Astronomers identify a giant cluster of galaxies 5.7 billion light-years from Earth. At its core new stars are being formed at a rate that could explain how supermassive black holes govern a galaxy's growth.
Astronomers peering deep into the heart of a cluster of galaxies some 5.7 billion light-years away have found that the cluster’s central galaxy is producing stars at an extraordinary rate – up to hundreds of times more stars per year than any of its siblings in a handful of other well-studied clusters.
The largest, most productive galaxies in the universe are found at the centers of galaxy clusters, researchers say. And astronomers thought they had a pretty good handle on why these galaxies were at the top of the star-formation heap – acquisitions and mergers involving other galaxies.

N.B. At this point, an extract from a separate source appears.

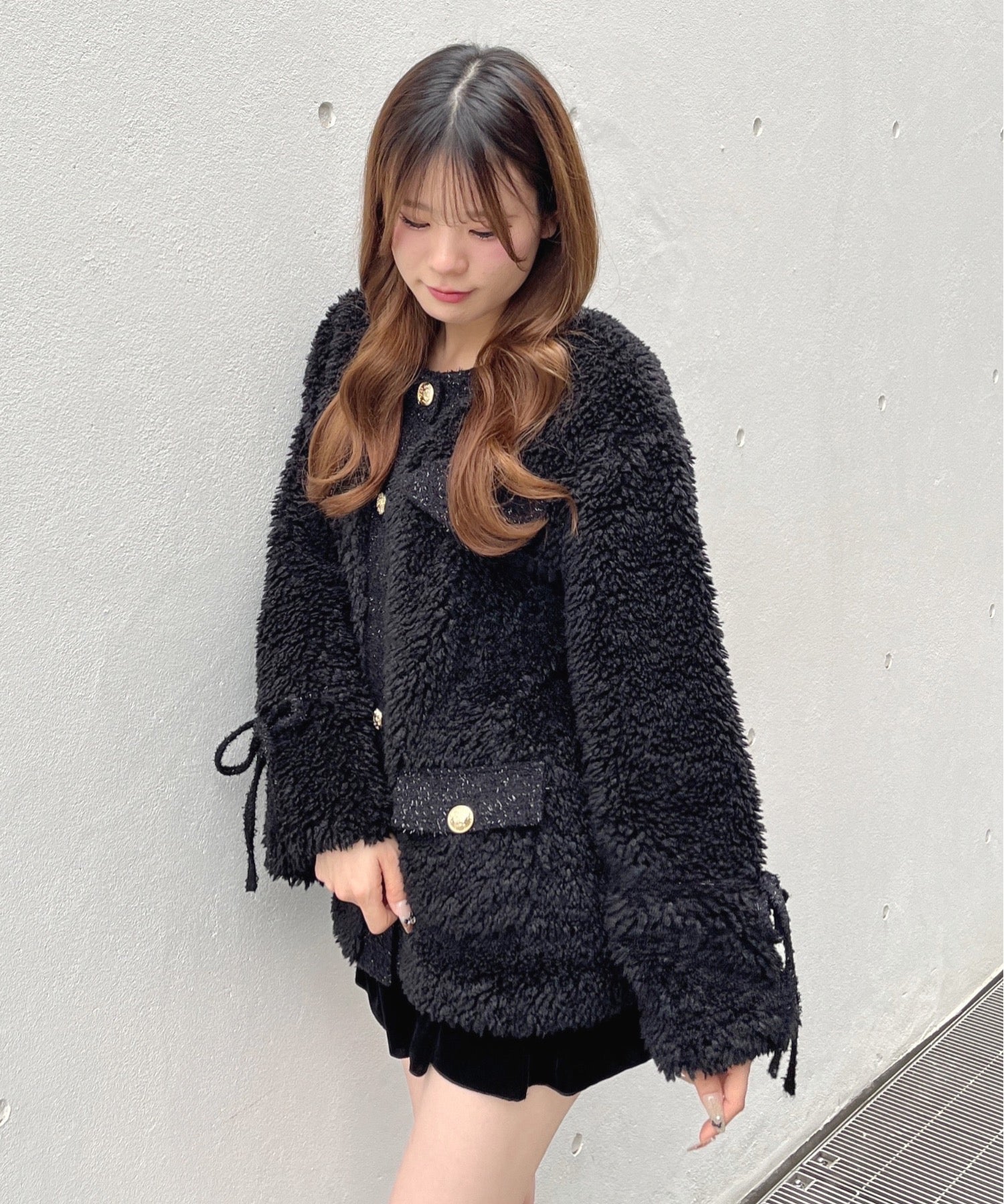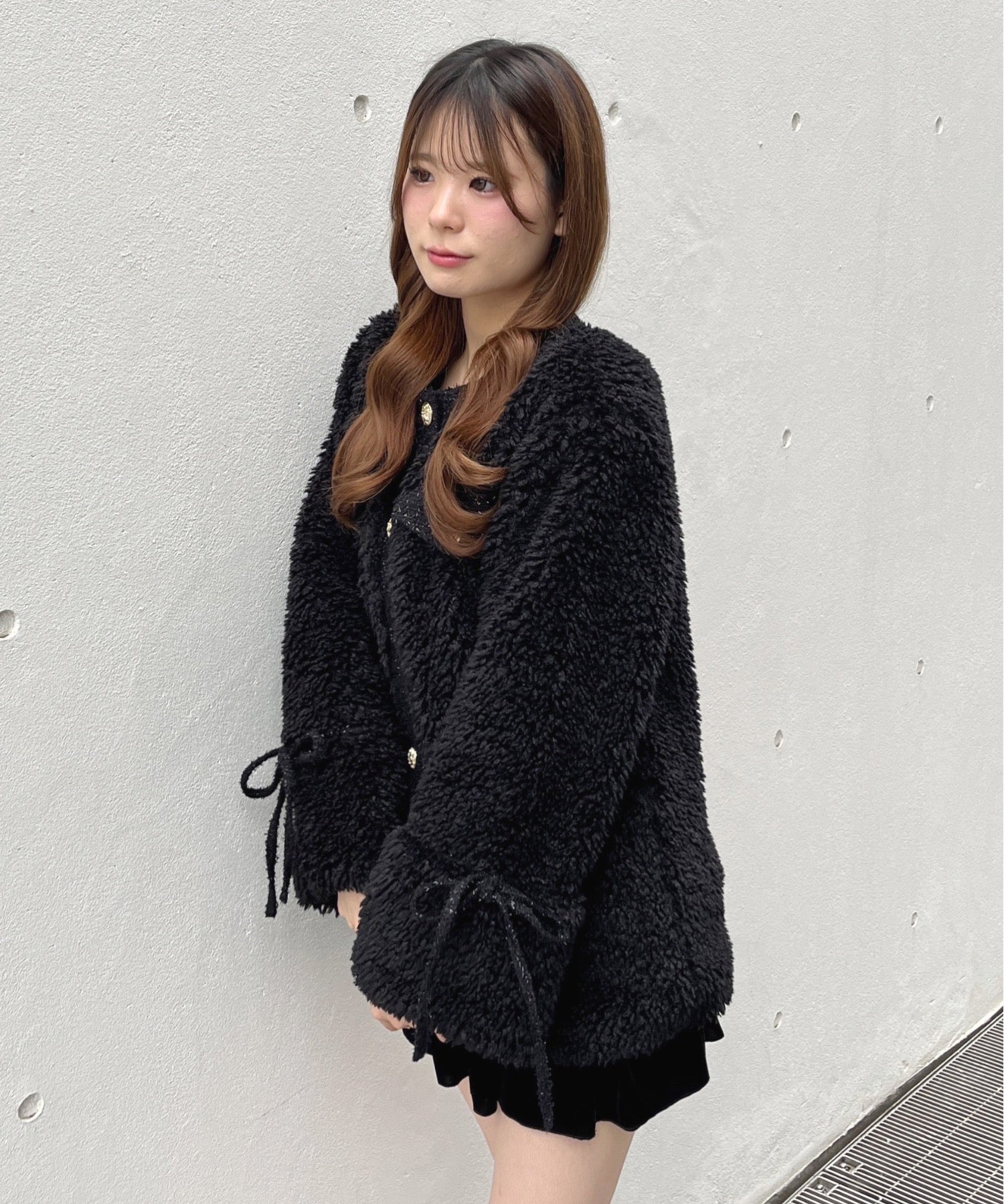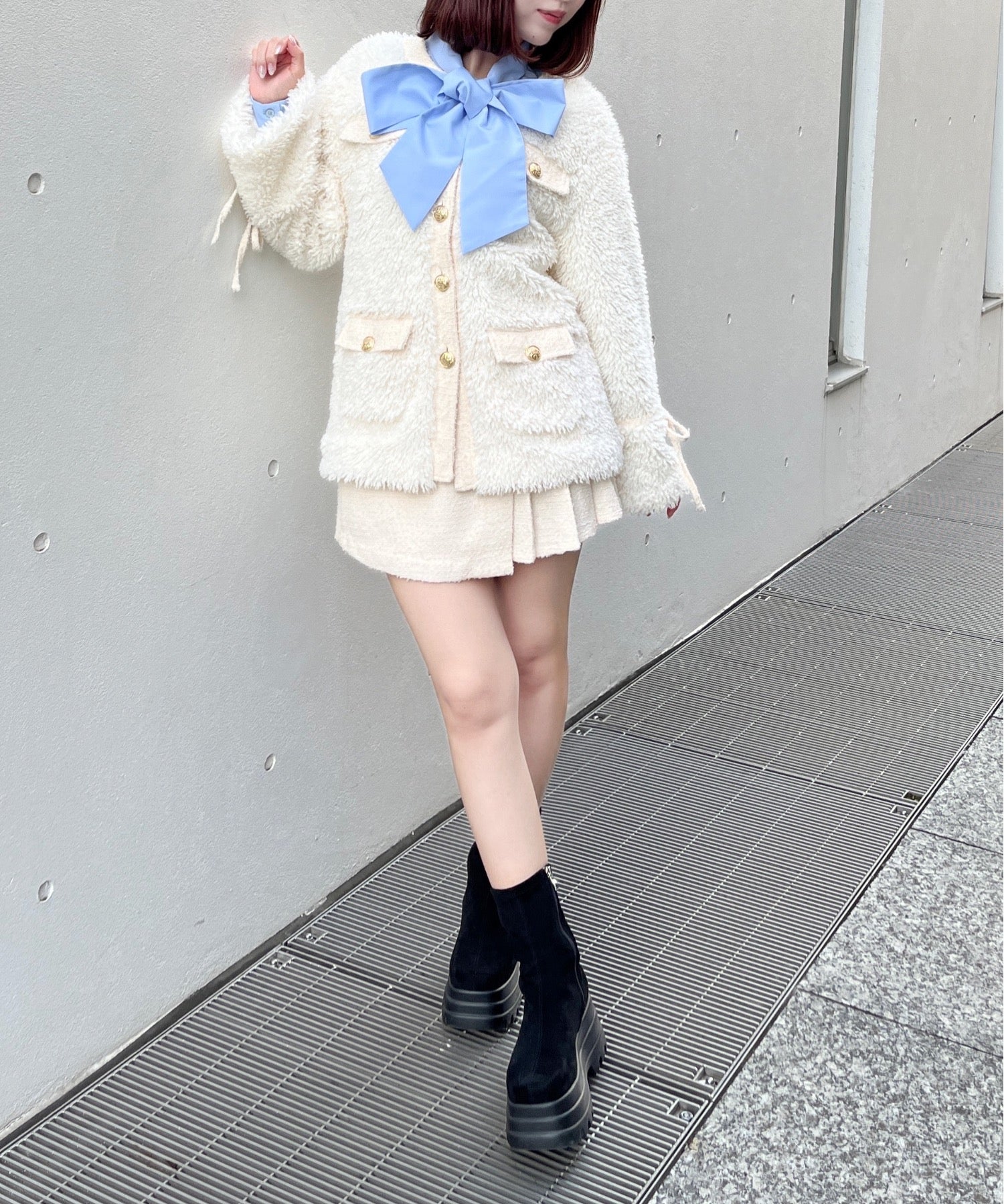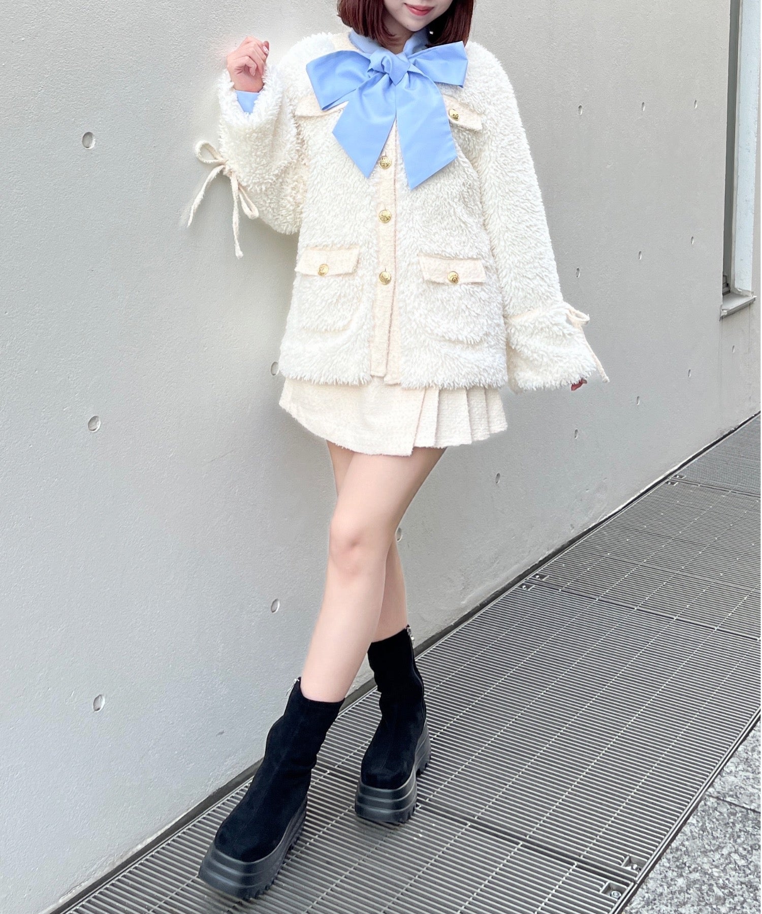 ・やや長めのアウターなので、ミニ丈のボトムスを裾からチラ見セするのが可愛い♡

The new find, however, in what the astronomers are calling the Phoenix Cluster, suggests an unexpected source of gas available to make new stars in these central galaxies – the gas between galaxies in the cluster.
Even more intriguing, it also could shed light on the interplay between supermassive black holes at the centers of galaxies and the galaxies themselves. That interplay is thought to limit the size each actor in this cosmic tug of war can reach.

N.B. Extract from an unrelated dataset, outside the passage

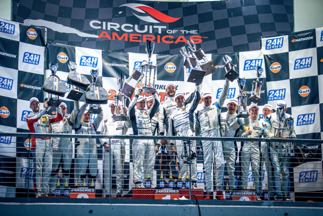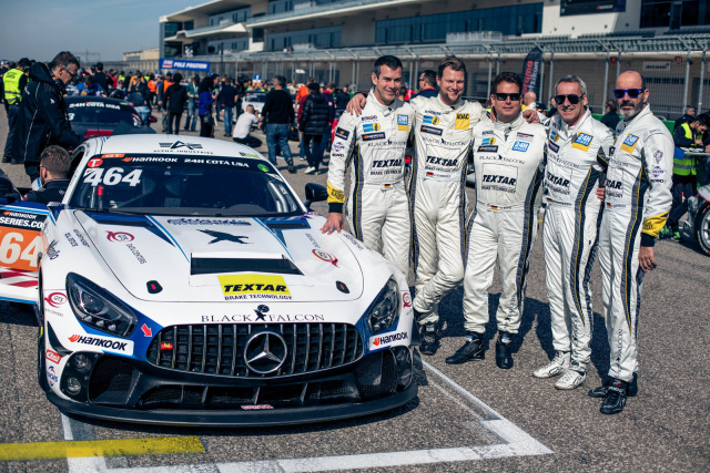BLACK FALCON wiederholt den Vorjahreserfolg beim 24-Stunden-Rennen auf dem Circuit of The Americas in Austin/Texas (USA) und sichert sich damit den zweiten Gesamtsieg bei der dritten Ausgabe des Rennens. Jeroen Bleekemolen (NL), Ben Keating (US), Felipe Fraga (BR) und Cooper MacNeil (US) dominierten mit dem Mercedes-AMG GT3 #4 das Rennwochenende von Beginn an und sicherten sich auf dem Weg zum Gesamtsieg die Pole-Position sowie die wichtige Führung am Ende der ersten Rennhälfte. Außerdem fuhr das Team aus Meuspath mit dem Mercedes-AMG GT4 #464 von Axel König, Norbert Schneider, Axel Sartingen, Daniel Schwerfeld und Alexander Böhm (alle DE) auf den zweiten Platz in der Klasse SPX, der nach einer fehlerfreien Vorstellung der gesamten Mannschaft mit dem hervorragenden achten Platz im Gesamtklassement einherging.

As clusters go, the Phoenix Cluster is among the largest yet detected. The entire cluster spans some 8.5 million light-years. It contains hundreds of thousands of Milky Way-size galaxies, and sports an overall mass of 2,500 trillion suns. X-ray emissions from all of the hot gas it contains shine brighter than the X-ray emissions from any other known cluster.
The galaxy at the center of the Phoenix Cluster is "crushing the record" for star birth in galaxy clusters, says Michael McDonald, a researcher at the Kvali Institute for Astrophysics and Space Research at the Massachusetts Institute of Technology in Cambridge. Dr. McDonald is the lead author of the discovery's formal report, which appears in Thursday's issue of the journal Nature.